EXERCISE GOAL | All of the records must be given again exactly.

[Records from a collection]
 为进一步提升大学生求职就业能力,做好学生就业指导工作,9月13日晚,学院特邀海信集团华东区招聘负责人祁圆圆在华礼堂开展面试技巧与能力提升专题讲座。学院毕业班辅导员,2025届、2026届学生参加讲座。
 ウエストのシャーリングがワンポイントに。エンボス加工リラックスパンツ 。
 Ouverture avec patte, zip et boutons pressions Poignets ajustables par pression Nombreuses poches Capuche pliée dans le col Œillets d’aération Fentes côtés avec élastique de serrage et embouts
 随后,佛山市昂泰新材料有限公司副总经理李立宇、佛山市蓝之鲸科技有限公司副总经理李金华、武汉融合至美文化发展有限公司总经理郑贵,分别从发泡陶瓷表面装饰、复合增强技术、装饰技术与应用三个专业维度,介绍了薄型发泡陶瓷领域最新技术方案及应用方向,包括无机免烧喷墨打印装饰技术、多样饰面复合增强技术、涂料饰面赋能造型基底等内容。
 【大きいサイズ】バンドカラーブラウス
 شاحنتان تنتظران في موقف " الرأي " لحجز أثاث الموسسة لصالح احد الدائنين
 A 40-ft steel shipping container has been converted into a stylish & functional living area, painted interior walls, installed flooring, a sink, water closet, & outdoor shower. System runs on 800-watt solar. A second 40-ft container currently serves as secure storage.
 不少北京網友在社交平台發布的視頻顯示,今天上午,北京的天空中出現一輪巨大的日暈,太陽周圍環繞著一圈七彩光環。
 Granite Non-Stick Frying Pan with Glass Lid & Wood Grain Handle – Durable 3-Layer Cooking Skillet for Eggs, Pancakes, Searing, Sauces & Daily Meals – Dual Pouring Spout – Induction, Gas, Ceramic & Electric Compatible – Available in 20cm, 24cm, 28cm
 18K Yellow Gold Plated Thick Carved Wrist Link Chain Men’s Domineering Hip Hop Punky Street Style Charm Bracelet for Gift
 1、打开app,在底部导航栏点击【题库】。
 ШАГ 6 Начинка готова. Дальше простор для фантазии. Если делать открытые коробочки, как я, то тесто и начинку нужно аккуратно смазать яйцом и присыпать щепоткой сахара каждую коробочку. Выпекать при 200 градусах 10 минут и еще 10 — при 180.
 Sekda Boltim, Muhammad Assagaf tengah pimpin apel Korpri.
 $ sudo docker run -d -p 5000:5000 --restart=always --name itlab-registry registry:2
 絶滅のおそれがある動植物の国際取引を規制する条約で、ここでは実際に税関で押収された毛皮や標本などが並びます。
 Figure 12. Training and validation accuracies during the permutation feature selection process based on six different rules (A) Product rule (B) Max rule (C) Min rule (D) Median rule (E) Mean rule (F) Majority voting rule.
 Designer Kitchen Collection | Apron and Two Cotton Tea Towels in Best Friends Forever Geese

ANSWER BOX |
 为进一步提升大学生求职就业能力,做好学生就业指导工作,9月13日晚,学院特邀海信集团华东区招聘负责人祁圆圆在华礼堂开展面试技巧与能力提升专题讲座。学院毕业班辅导员,2025届、2026届学生参加讲座。
 ウエストのシャーリングがワンポイントに。エンボス加工リラックスパンツ 。
 Ouverture avec patte, zip et boutons pressions Poignets ajustables par pression Nombreuses poches Capuche pliée dans le col Œillets d’aération Fentes côtés avec élastique de serrage et embouts
 随后,佛山市昂泰新材料有限公司副总经理李立宇、佛山市蓝之鲸科技有限公司副总经理李金华、武汉融合至美文化发展有限公司总经理郑贵,分别从发泡陶瓷表面装饰、复合增强技术、装饰技术与应用三个专业维度,介绍了薄型发泡陶瓷领域最新技术方案及应用方向,包括无机免烧喷墨打印装饰技术、多样饰面复合增强技术、涂料饰面赋能造型基底等内容。
 【大きいサイズ】バンドカラーブラウス
 شاحنتان تنتظران في موقف " الرأي " لحجز أثاث الموسسة لصالح احد الدائنين
 A 40-ft steel shipping container has been converted into a stylish & functional living area, painted interior walls, installed flooring, a sink, water closet, & outdoor shower. System runs on 800-watt solar. A second 40-ft container currently serves as secure storage.
 不少北京網友在社交平台發布的視頻顯示,今天上午,北京的天空中出現一輪巨大的日暈,太陽周圍環繞著一圈七彩光環。
 Granite Non-Stick Frying Pan with Glass Lid & Wood Grain Handle – Durable 3-Layer Cooking Skillet for Eggs, Pancakes, Searing, Sauces & Daily Meals – Dual Pouring Spout – Induction, Gas, Ceramic & Electric Compatible – Available in 20cm, 24cm, 28cm
 18K Yellow Gold Plated Thick Carved Wrist Link Chain Men’s Domineering Hip Hop Punky Street Style Charm Bracelet for Gift
 1、打开app,在底部导航栏点击【题库】。
 ШАГ 6 Начинка готова. Дальше простор для фантазии. Если делать открытые коробочки, как я, то тесто и начинку нужно аккуратно смазать яйцом и присыпать щепоткой сахара каждую коробочку. Выпекать при 200 градусах 10 минут и еще 10 — при 180.
 Sekda Boltim, Muhammad Assagaf tengah pimpin apel Korpri.
 $ sudo docker run -d -p 5000:5000 --restart=always --name itlab-registry registry:2
 絶滅のおそれがある動植物の国際取引を規制する条約で、ここでは実際に税関で押収された毛皮や標本などが並びます。
 Figure 12. Training and validation accuracies during the permutation feature selection process based on six different rules (A) Product rule (B) Max rule (C) Min rule (D) Median rule (E) Mean rule (F) Majority voting rule.
 Designer Kitchen Collection | Apron and Two Cotton Tea Towels in Best Friends Forever Geese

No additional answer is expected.